Where the older masters Sherwood Anderson and William Faulkner built literal landscapes, complete with visual maps, they seemed more dependent on that topography, on that rugged geography. They built their characters to meet the demands of their physical environments. Lee Martin continues in the link of literary craftsmen, going back to Raymond Carver and Andre Dubus, who understood that it wasn’t just about a neighborhood. It wasn’t just about a desired zip code or an adherence to story structure still holdovers from the 19th century.

The characters in The Mutual UFO Network could be cousins, estranged ex-in-laws, sharing a cultural code of ethics that aren’t married to a particular literary style or era.

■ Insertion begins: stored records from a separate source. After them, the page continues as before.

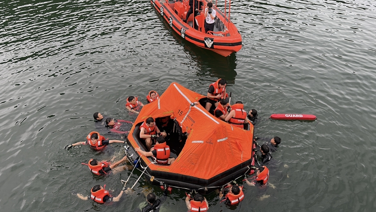| ▲ 현장 근무자 대상 팽창식 구명뗏목 운용 전문교육 |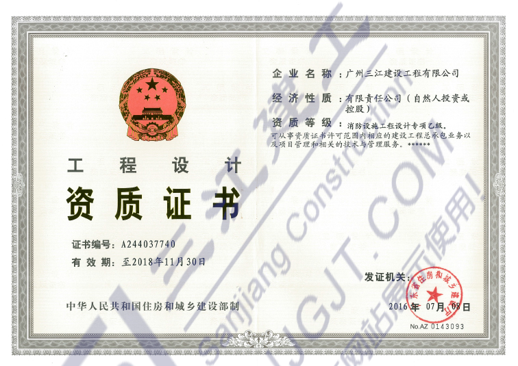 工程設(shè)計(jì)資質(zhì)證書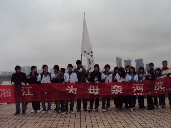 活动当天下着蒙蒙细雨,志愿者们的热情却依旧很高,短暂而隆重的启动仪式过后,活动正式开始。首先志愿者们以10人为一组清理湘江江滩垃圾,大家带好手套、操着工具全身心投入工作当中,接近中午时分,志愿者们手中的塑料袋装满了各种“战利品”,堆在一起成了一座小山。橘洲环卫所的环卫工人推来垃圾车,志愿者和环卫工人一起将垃圾搬上垃圾车,送到垃圾站。随后,所有活动参与者在一块绘有湘江长沙段的图形的画布上留下自己独特的脚印,作为本次环保活动有力的见证。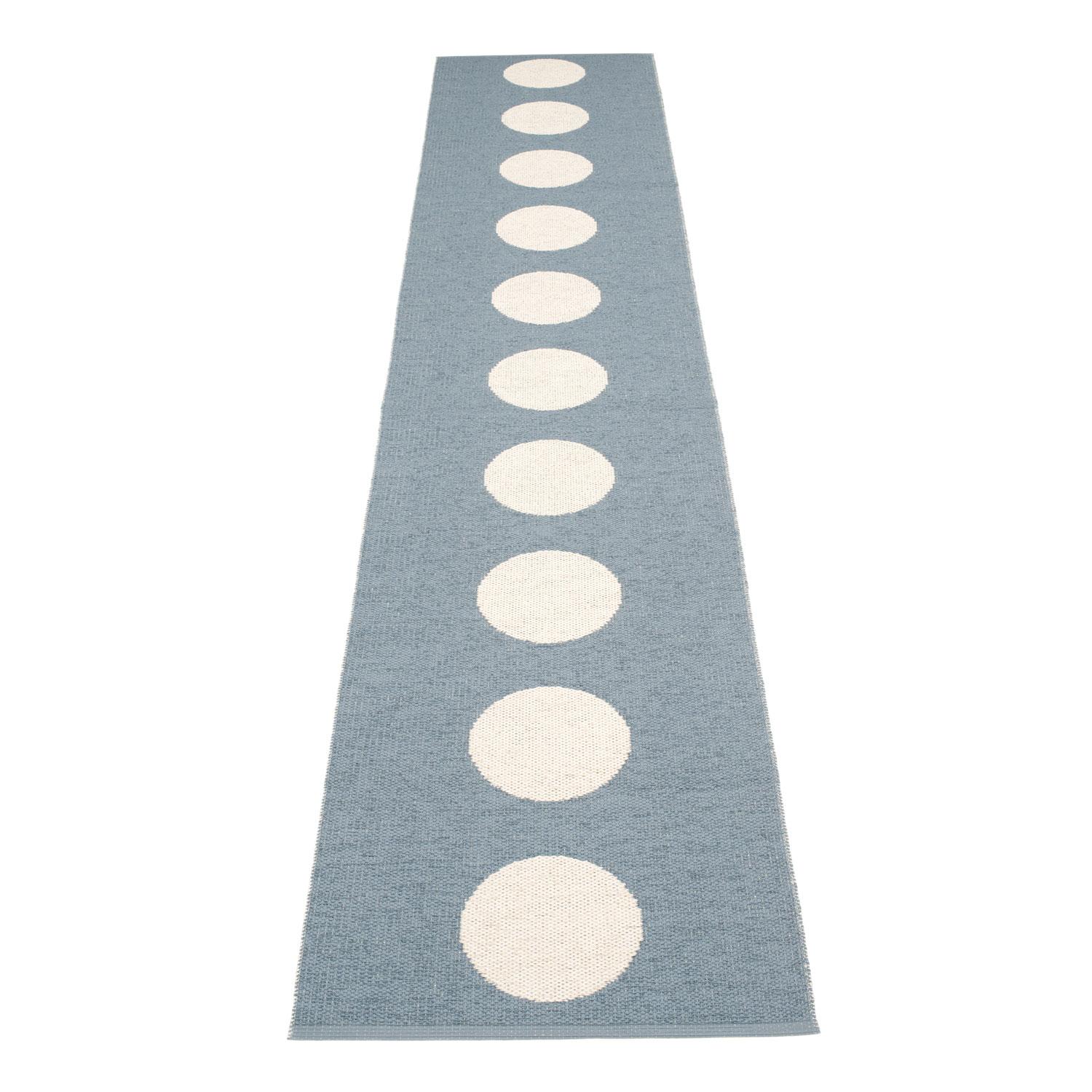 Vera, plastmatta från Pappelina. Mattan är tillverkad i Dalarna, Sverige. Vävd i traditionella vävstolar med träskyttlar. Denna praktiska och lättskötta matta är i svensktillverkad PVC och har ett svetsat förstärkningsband, med graverad Pappelina-logotype, i båda kanterna för högsta hållbarhet. Mattans mönster blir omvänt på dess baksida. Därför är det som att du får två mattor i en, välj själv vilken sida som skall ligga uppåt.
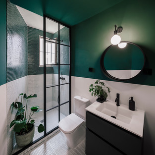За спальней находится нетрадиционная ванная комната шириной всего 1 метр и длиной 10 метров, которая корреляционно включает в себя все функции, которые может пожелать пространство, посвященное наслаждению чистотой и водой; туалет с зоной для чтения, украшенный встроенной лестницей, о которой забыли художники и которая необходима для доступа к шкафам высотой 4 метра; раковина, встроенная в светящуюся нишу, где вы выглядите красиво и мощно в начале дня; Большой душ / балкон, который летает и прыгает через лестницу, с видом на спальню и Сьерра-де-Мадрид; раздвижная стеклянная дверь, которая позволяет принимать душ в помещении под утренним солнцем.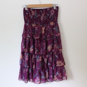 AEO STRAPLESS PURPLE FLORAL TIERED RUFFLE DRESS
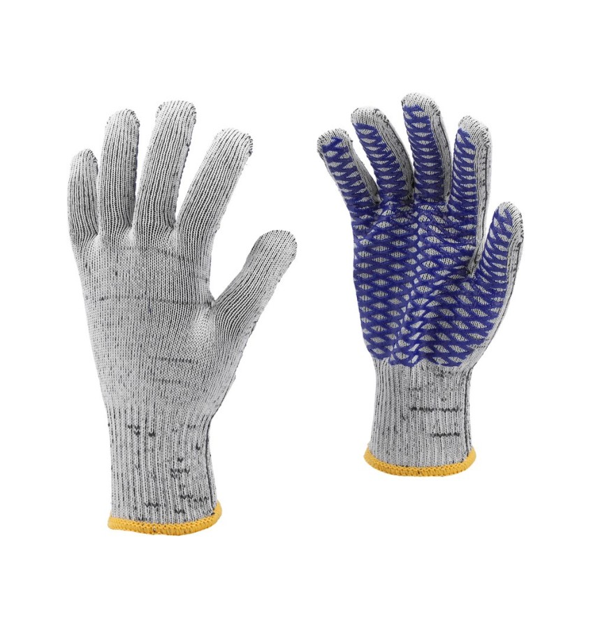 Rękawice bawełniane w części chwytnej powlekane PVC w kształt siatki, co zapewnia dużą chwytność i odporność na ścieranie.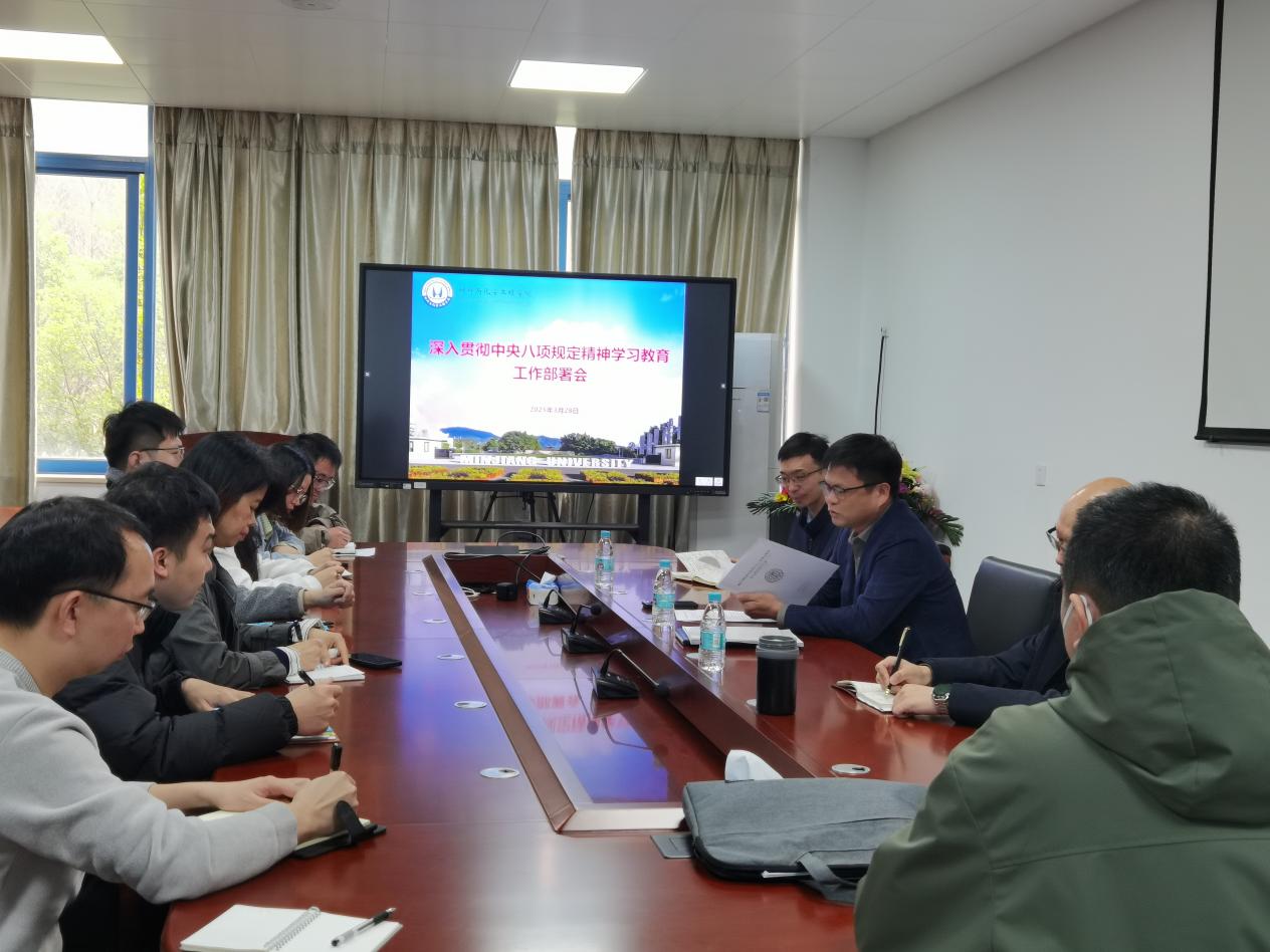 3月28日,材化学院党委召开深入贯彻中央八项规定精神学习教育部署会,院党委委员、党支部书记参加会议,会议由院党委书记陈世文主持。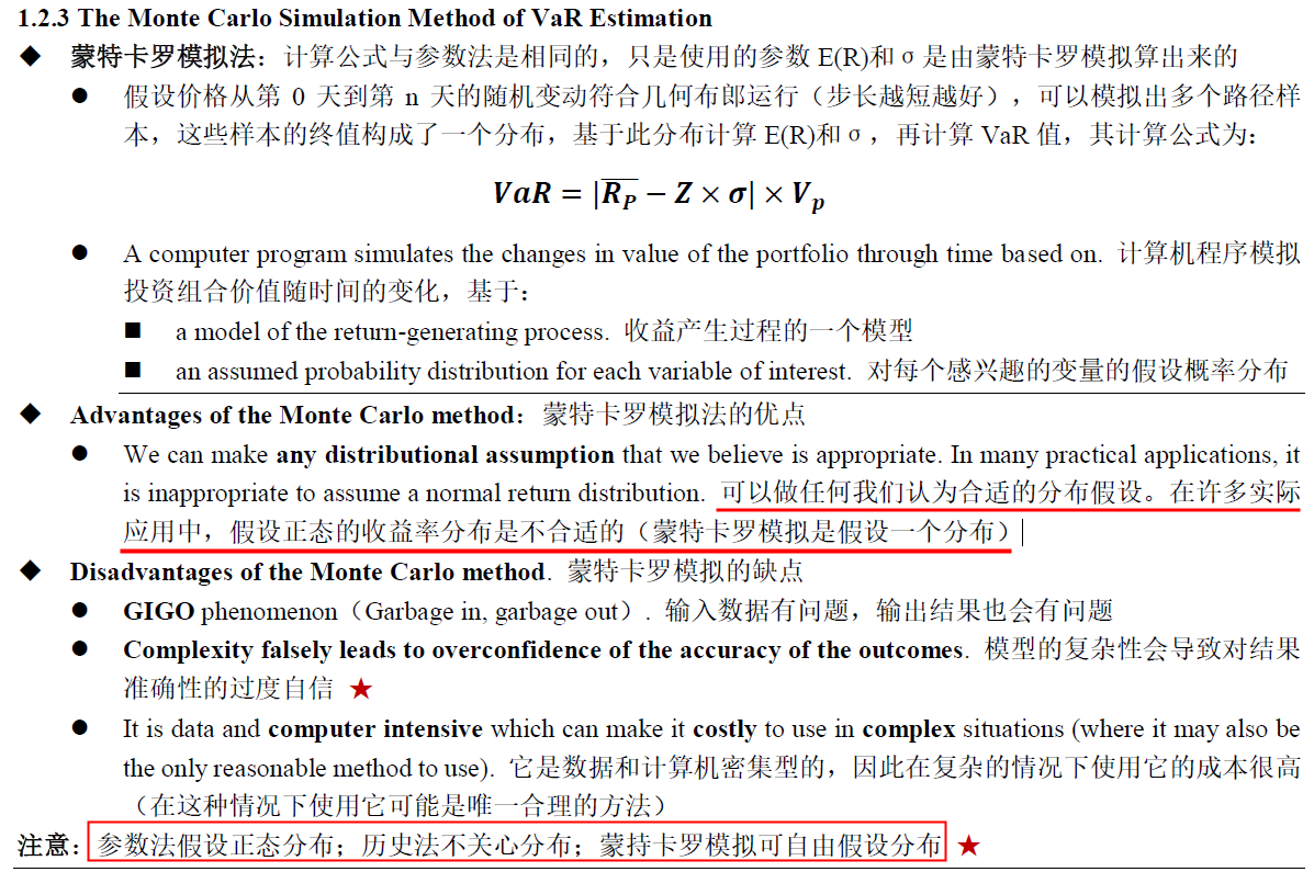这里说了backtest有两种模拟,历史模拟和蒙特卡洛模拟,没有说参数模拟,到底有没有参数法在这里?在var里面蒙特卡洛模拟是没有分布要求的…能回答清楚吗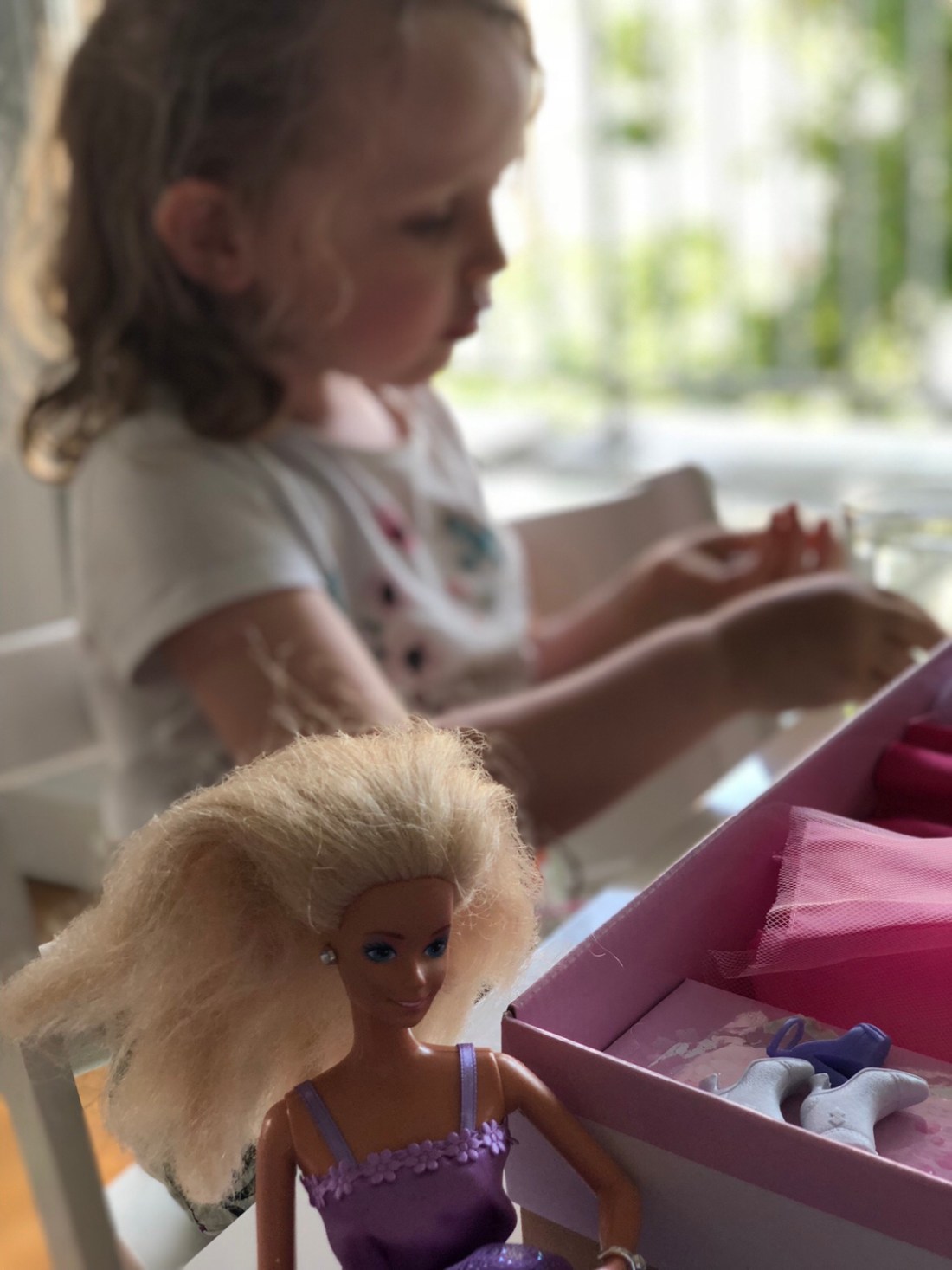 Sedan har det varit mycket lek med Lollos nya leksaker, bland skola med staffliet (lillebror gör oftast INTE som fröken Lovisa säger😅). Och så på- och avklädnad på Barbies i alla oändlighet.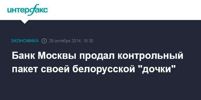 Летом 2014 года совет директоров Банка Москвы одобрил продажу 99,75% акций своей белорусской "дочки". Пресс-служба банка сообщала, что сделка планируется "в ближайшее время" и проходит "в рамках оптимизации присутствия группы ВТБ в Белоруссии". "Стратегия Банка Москвы предусматривает работу на территории РФ, развивать дочерние банки за пределами страны мы не планируем", - отмечали в пресс-службе.

Martin has built a world of visual eavesdroppers, and tragic death in “Love Field” and “Death in Paradise”. In “Drunk Girl in Stilettos”, a stylized comic noir that wouldn’t be out of place in a ’70s-era Robert Altman film, our hero can’t hide his admiration as he tells of watching Lily (the girl who inspired the title), at her father’s wake:

That’s when I saw the most wonderful thing. Lily, still wobbly on those stilettos… made her way to her daddy’s casket… stood up straight, her back to all the ugliness we’d wrought behind her, and she had that moment…

This is what we get in The Mutual UFO Network, moments of wonder and reflection. What separates Martin from the rest of the pack, from some writers who’d rather sell a stylized sheen than stories that can exist on their own as well as part of a bigger universe, is that he doesn’t impose himself into them. These stories are composed, crafted, told with both professional detachment and profound emotional resonance. In “Across the Street”, the characters gather on the street to witness what they call the “comet of the century”. Jim, the troubled son, lives in the assurance that “I’m in my neighborhood… I’m in my neighborhood and these are my neighbors.” In “Love Field”, a grieving mother encounters her well-meaning neighbor, still early in the days of loss and darkness, and breaks hearts with just a few words:

‘You saw something in her, didn’t you?’ she said. ‘That day when she was crying and you sang to her. You saw something pretty in her.’

It’s rare these days to encounter stories that will surprise us, turn the corner and walk down unexpected avenues. In “Belly Talk”, trauma and abuse are evoked in the most subtle of shades. A father feeds oranges to his son, a woman dances to the old song “You Belong to Me”, trying to recapture impossibly romantic moods. These shades are effective, but the story is mostly concerned with the difficulties clearly communicating in even the most basic ways:

Jackie had read in his ventriloquists manual that people once thought that ventriloquist’s sounds come from their stomach — belly talk — as if they had swallowed words whole as if everything they had kept inside was now speaking.

This is what makes Martin’s stories resonate so clearly, punches us in the gut at times and leaves us reeling for equilibrium yet grateful for having met these characters. In “Real Time”, a couple have trouble communicating with each other. The man (Del) reveals himself to convicts through long pen pal letters and it’s indicative of a bad character trait his wife doesn’t hesitate to point out. He will fall for anything:

Deep down he imagined that was the case, and though it shamed him to be the convict’s patsy, he couldn’t resist the small, clear truth in all their stories: once they had been different people.

In his letters to the prisoners he sends money and reveals “…ordinary things… from his days on the mail route…” that he hopes will connect him, but it doesn’t happen.

There’s grace, wonder, and small truths embedded within each story in The Mutual UFO Network. Connections once strong now prove irreparable. Communication comes only through furtive side-glances or stolen glimpses into a restricted private life. Martin’s characters are not hopelessly desperate or doomed to fall through the black hole vortex of dark fiction. He doesn’t pander to reader’s expectations or desires. Instead, his people and their landscape are alive and well, awestruck by the ineffability of grace yet realistic and world-weary enough to understand that not everything is beautiful. So long as they persevere, something else will always come along.